* EXERCISE DETAILS
Return the run of lines below that opens with the line containing "Looking east toward the parcel" and closes with the line containing "than three feet", keeping each one exact.

* RECORDS TO PROCESS
• • •

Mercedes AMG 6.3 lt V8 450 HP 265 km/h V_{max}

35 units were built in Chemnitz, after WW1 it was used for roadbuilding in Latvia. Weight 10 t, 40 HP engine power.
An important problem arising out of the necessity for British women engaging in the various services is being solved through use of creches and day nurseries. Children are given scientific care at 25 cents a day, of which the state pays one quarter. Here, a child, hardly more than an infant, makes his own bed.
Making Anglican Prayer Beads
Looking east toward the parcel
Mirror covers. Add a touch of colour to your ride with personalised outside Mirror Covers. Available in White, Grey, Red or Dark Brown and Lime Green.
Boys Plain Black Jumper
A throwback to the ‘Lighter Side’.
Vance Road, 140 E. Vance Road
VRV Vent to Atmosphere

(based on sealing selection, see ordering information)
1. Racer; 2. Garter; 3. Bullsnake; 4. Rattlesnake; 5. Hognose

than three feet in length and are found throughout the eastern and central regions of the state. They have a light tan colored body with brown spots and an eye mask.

• • •

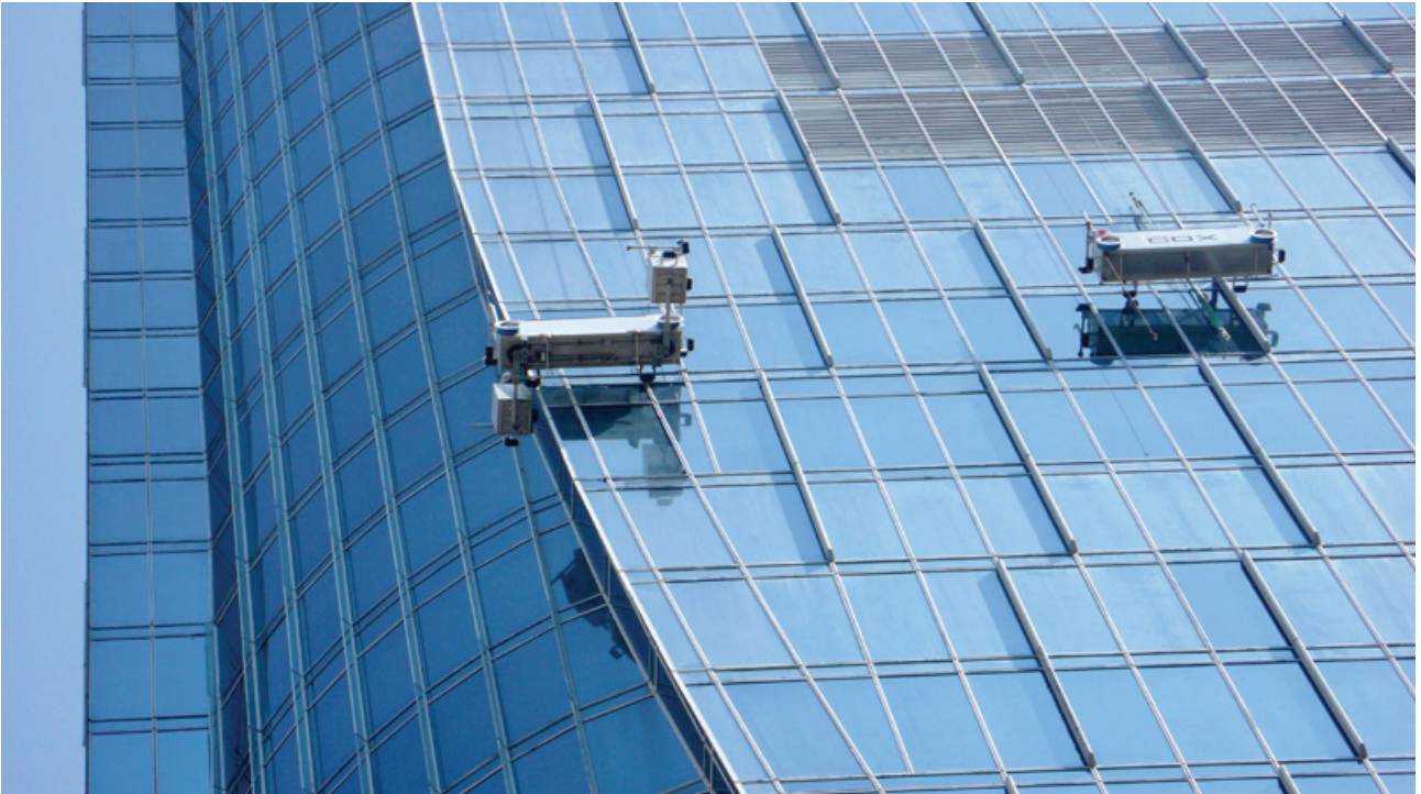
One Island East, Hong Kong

• • •

* THE COMPLETED TASK
Looking east toward the parcel
Mirror covers. Add a touch of colour to your ride with personalised outside Mirror Covers. Available in White, Grey, Red or Dark Brown and Lime Green.
Boys Plain Black Jumper
A throwback to the ‘Lighter Side’.
Vance Road, 140 E. Vance Road
VRV Vent to Atmosphere

(based on sealing selection, see ordering information)
1. Racer; 2. Garter; 3. Bullsnake; 4. Rattlesnake; 5. Hognose

than three feet in length and are found throughout the eastern and central regions of the state. They have a light tan colored body with brown spots and an eye mask.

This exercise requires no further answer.